Вынесено ли какое-либо решение с моей стороны, объявлен ли приговор, дано ли какое-либо удовлетворение моральному чувству? Если идиоты и скоты могут наказывать других скотов и идиотов и если преступление все еще сохраняет объективный смысл в бессмысленном мире Падука (все это сомнительно), то мы можем утверждать, что злодеяние наказано в конце книги, когда восковые фигуры в униформе действительно страдают, и манекены, наконец, испытывают жестокую боль, и хорошенькая Мариетта тихо истекает кровью, пронзенная и разорванная похотью сорока солдат.

Сюжет начинает зарождаться в ярком бульоне дождевой лужи. Круг обозревает ее из окна госпиталя, где умирает его жена. Продолговатая лужа, по форме напоминающая клетку, которая готова разделиться, подтематически возникает снова и снова на протяжении всего романа – как чернильная слеза в четвертой главе и клякса в пятой, пролитое молоко в одиннадцатой главе, похожий на инфузорию образ реснитчатой мысли в двенадцатой главе, след ноги фосфоресцирующего островитянина в восемнадцатой и, в заключительном абзаце, как отпечаток, который всякий человек оставляет в личной текстуре пространства. Лужица, вспыхнувшая в начале и затем вот так вновь и вновь возникающая в сознании Круга, остается связанной с образом его жены не только потому, что он созерцал вправленный в нее закат, находясь у смертного одра Ольги, но и потому, что эта лужица смутно вызывает в нем ощущение моей с ним связи: расселина в его мире ведет в иной мир нежности, яркости и красоты.

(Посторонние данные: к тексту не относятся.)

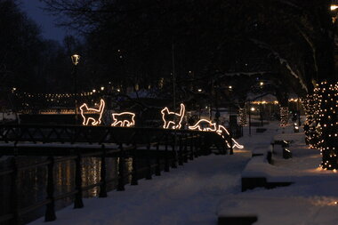 Regular consultations with our client allowed MK Illumination Sweden to ensure that the design remained aligned with their vision at every step. Drawing inspiration from Uppsala's iconic landmarks, including the cathedral, scientific achievements, and beloved cultural figures like the famous cat Pelle Svanslös, the foundational concept displays a warm, inviting, and timeless charm. This concept serves as the cornerstone, weaving a seamless narrative through Uppsala's streets and squares, unifying the festive ambiance.
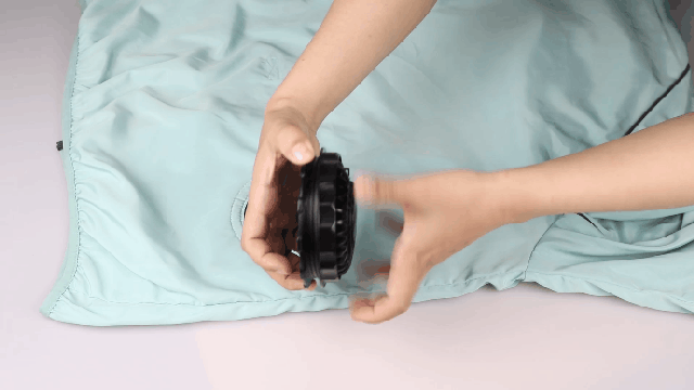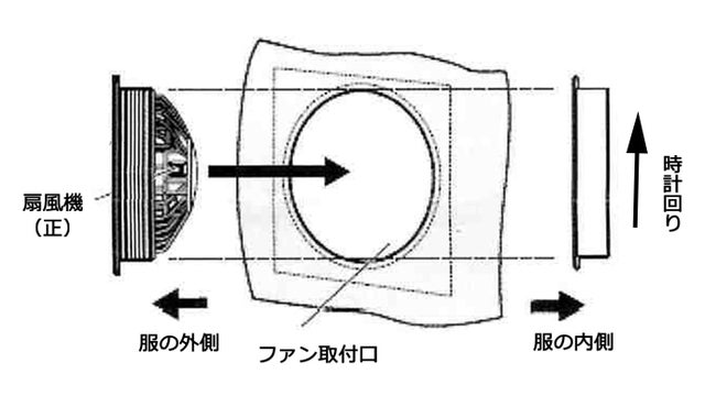 ②生地の裏側に向けて、ファンを取り付け口に差し込んでください。固定リングを時計回りにはめ込んでください。なお、ファンに左右の区別はありません。
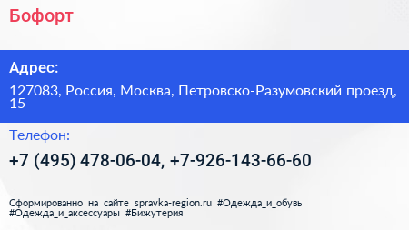 Бофорт по адресу 127083, Россия, Москва, Петровско-Разумовский проезд, 15 в дальнейшем Организация, размещена в следующих категориях:

И сопутствующий образ, еще более красноречиво указывающий на Ольгу, – это видение того, как она перед сверкающим зеркалом снимает саму себя, будто одежду, – свои драгоценности, ожерелье и диадему земной жизни. Именно эта картина возникает шесть раз во время сна среди текучих, преломленных сновидением воспоминаний о детстве Круга (гл. 5).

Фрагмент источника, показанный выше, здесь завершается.